State v. McQuage
This text of State v. McQuage (State v. McQuage) is published on Counsel Stack Legal Research, covering Court of Appeals of North Carolina primary law. Counsel Stack provides free access to over 12 million legal documents including statutes, case law, regulations, and constitutions.
Opinion
An unpublished opinion of the North Carolina Court of Appeals does not constitute controlling legal authority. Citation is disfavored, but may be permitted in accordance with the provisions of Rule 30(e)(3) of the North Carolina Rules of Appellate Procedure.

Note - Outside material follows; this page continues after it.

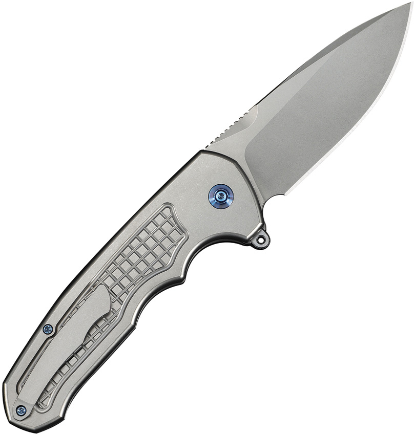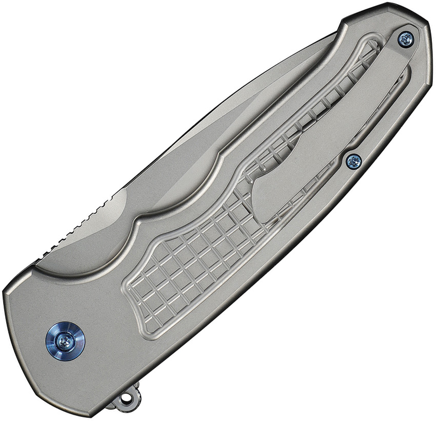 5.38″ (13.67cm) closed. 4″ (10.16cm) stonewash finish Bohler M390 stainless drop point blade. Gray frag pattern titanium handle. Extended tang. Pocket clip. Black nylon zippered storage case. Boxed.

IN THE COURT OF APPEALS OF NORTH CAROLINA
No. COA25-775
Filed 20 May 2026
Wayne County, No. 23CR431655-950
STATE OF NORTH CAROLINA
v.
HEATHER KAE MCQUAGE
Appeal by defendant from judgment entered 28 June 2024 by Judge William
W. Bland in Wayne County Superior Court. Heard in the Court of Appeals 27
January 2026.
Attorney General Jeff Jackson, by Assistant Attorney General Charles G. White, for the State.
Appellate Defender Glenn Gerding, by Assistant Appellate Defender Nicholas C. Woomer-Deters, for defendant.
FREEMAN, Judge.
Defendant appeals from judgment after pleading guilty to the charge of
obtaining property by false pretenses. On appeal, defendant argues that the trial
court committed a clerical error in not awarding her credit for three days of
confinement served prior to the judgment. The State concedes the error. After careful STATE V. MCQUAGE
Opinion of the Court
review, we remand this matter to the trial court for the limited purpose of correcting
the clerical error within its judgment.
I. Factual and Procedural Background
On 5 February 2024, defendant was indicted for obtaining property by false
pretenses. On 1 April 2024, defendant was subsequently indicted for possession of
methamphetamine. On 28 June 2024, defendant pleaded guilty to the charge of
obtaining property by false pretenses. Pursuant to the plea agreement, the State
dismissed the possession of methamphetamine charge.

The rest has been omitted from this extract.